# Clawing Under The Bed....



## go4me77 (Jul 16, 2010)

Kittens are clawing the underside of the boxsprings all the time. What am I to do???? I don't want them to damage it and I've read tips on how to prevent from clawing. Should I use those tips for my boxsprings?


----------



## Heidi n Q (Nov 22, 2006)

Give up. It's there, it's gonna be clawed. BUT .... there are things you can do to protect the inside of your boxspring from kitty-infiltration.
Our kitts clawed the thin material and destroyed it. It didn't take much at all. We pulled the top matress off and pulled out the 2 long-twin box springs (CalKing bed) and flipped them upside down. We stretched and stapled a sturdy sheet cut to fit, over the bottom and then stapled a wire mesh over that. We made sure all staples were firmly seated in the wood and used pliers to bend the wire-ends under so neither we nor kitties could get poked. This 'modified-repair' has lasted for 16yrs.
Cheaper, possibly less labor-intensive solution: Buy a fitted sheet and put it on the boxspring with the top, on the underside and the elastic running around the top of the box-spring. When you place the top mattress on, use your hands to *push* the elastic as far *in* between the two mattresses as you can to keep the bottom tight, though I imagine it will sag a bit. Another solution is to utilize under-bed-storage boxes that will *prevent* access to the material.
Good luck!
heidi =^..^=


----------



## marie73 (Jul 12, 2006)

> Buy a fitted sheet and put it on the boxspring with the top, on the underside and the elastic running around the top of the box-spring.
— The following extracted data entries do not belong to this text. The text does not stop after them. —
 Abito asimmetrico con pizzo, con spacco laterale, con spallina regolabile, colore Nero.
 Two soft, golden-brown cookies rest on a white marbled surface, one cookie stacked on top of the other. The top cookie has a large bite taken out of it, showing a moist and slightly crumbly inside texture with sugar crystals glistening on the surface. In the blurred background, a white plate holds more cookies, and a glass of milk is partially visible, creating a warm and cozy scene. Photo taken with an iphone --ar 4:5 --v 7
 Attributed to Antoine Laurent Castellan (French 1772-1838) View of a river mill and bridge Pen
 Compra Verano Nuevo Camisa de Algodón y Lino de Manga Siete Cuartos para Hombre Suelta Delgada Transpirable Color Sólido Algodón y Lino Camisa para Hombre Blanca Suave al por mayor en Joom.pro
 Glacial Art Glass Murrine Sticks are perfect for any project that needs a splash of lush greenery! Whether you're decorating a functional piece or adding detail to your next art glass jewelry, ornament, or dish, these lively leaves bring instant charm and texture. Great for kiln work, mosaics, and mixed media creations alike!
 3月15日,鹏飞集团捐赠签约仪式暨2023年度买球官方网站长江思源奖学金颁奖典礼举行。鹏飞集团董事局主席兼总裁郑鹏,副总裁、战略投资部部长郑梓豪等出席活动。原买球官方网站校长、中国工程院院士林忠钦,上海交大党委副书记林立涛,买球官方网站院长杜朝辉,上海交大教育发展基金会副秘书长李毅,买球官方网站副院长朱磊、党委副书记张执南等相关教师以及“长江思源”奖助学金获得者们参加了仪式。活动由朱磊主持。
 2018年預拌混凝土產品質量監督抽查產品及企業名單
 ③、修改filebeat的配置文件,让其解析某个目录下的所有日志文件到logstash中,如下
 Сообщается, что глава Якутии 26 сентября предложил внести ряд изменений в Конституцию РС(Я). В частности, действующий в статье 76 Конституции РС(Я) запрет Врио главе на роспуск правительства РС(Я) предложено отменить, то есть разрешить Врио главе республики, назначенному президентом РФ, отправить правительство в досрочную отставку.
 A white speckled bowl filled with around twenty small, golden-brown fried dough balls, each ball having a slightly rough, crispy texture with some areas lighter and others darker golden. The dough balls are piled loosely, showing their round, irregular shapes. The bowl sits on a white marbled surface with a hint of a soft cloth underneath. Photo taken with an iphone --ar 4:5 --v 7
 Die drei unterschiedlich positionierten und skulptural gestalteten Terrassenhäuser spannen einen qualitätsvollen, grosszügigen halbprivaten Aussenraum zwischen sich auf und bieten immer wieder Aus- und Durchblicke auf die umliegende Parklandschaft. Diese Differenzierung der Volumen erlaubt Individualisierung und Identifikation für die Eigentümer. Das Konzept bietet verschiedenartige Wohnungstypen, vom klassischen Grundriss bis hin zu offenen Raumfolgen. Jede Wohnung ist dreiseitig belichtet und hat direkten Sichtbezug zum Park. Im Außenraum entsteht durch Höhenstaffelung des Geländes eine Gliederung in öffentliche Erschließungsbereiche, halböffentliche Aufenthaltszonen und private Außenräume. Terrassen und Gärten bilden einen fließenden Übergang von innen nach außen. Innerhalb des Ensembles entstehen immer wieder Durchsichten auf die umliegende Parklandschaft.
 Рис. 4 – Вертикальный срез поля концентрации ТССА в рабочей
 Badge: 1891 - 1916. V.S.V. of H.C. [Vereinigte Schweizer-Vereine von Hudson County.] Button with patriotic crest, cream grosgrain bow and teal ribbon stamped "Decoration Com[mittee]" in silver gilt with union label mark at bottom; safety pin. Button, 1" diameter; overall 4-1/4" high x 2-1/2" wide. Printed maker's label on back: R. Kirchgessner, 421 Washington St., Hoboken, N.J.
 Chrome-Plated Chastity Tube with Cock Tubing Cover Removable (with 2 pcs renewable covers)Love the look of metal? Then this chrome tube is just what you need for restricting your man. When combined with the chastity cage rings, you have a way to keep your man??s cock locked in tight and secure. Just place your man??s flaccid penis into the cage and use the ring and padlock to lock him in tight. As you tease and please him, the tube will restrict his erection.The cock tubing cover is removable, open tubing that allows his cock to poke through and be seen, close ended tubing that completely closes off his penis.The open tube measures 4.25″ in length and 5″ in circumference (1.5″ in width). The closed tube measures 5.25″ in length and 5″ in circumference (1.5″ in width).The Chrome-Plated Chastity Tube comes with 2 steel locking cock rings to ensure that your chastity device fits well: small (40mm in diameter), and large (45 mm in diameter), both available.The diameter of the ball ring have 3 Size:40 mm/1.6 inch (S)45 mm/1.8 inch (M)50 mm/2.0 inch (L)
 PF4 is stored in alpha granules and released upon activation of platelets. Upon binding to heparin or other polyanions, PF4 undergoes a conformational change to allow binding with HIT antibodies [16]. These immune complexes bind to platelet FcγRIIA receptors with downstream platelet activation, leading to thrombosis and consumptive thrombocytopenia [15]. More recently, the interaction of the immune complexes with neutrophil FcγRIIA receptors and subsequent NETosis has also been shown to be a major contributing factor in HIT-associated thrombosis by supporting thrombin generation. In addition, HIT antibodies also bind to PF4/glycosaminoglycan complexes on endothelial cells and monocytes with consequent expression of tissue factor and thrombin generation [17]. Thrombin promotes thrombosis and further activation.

I did this and NAILED mine down. 

The cats clawed it up anyway.

I gave up.


----------



## Heidi n Q (Nov 22, 2006)

Yeah, it turned out our kittens weren't the worst offenders ... it was the _former feral adult male cat_ who enjoyed dragging himself around under the bed with his claws so his back scooted over the wood floor! 0_o I liked that he was doing my dusting for me but he destroyed the under-fabric of the boxspring. That is when we stapled mesh-wire over it and solved our problem.


----------



## go4me77 (Jul 16, 2010)

I will have to try the sheet thing. The cats started it last night about the time my husband and I were nodding off and I yelled "Girls! Stop it!" Worked on the cats and scared my husband awake. Won't be doing that again cause of the hubby! lol.


----------



## Heidi n Q (Nov 22, 2006)

go4me77 said:


> ... I yelled "Girls! Stop it!" Worked on the cats and scared my husband awake. Won't be doing that again cause of the hubby! lol.


 LOL _Whoops!_ LOL


----------



## marie73 (Jul 12, 2006)

When I can afford it (after I move), I want a bed like this (not THIS one, though) with the drawers and NO SPACE for cats....

http://www.jeromes.com/content/Image/products/AAM52MBKB_S.jpg


----------



## Heidi n Q (Nov 22, 2006)

marie73 said:


> When I can afford it (after I move), I want a bed like this (not THIS one, though) with the drawers and NO SPACE for cats....
> 
> http://www.jeromes.com/content/Image/products/AAM52MBKB_S.jpg


 I *like* that bed! I call that style a "Captain's Bed" because of the under-storage drawers.


----------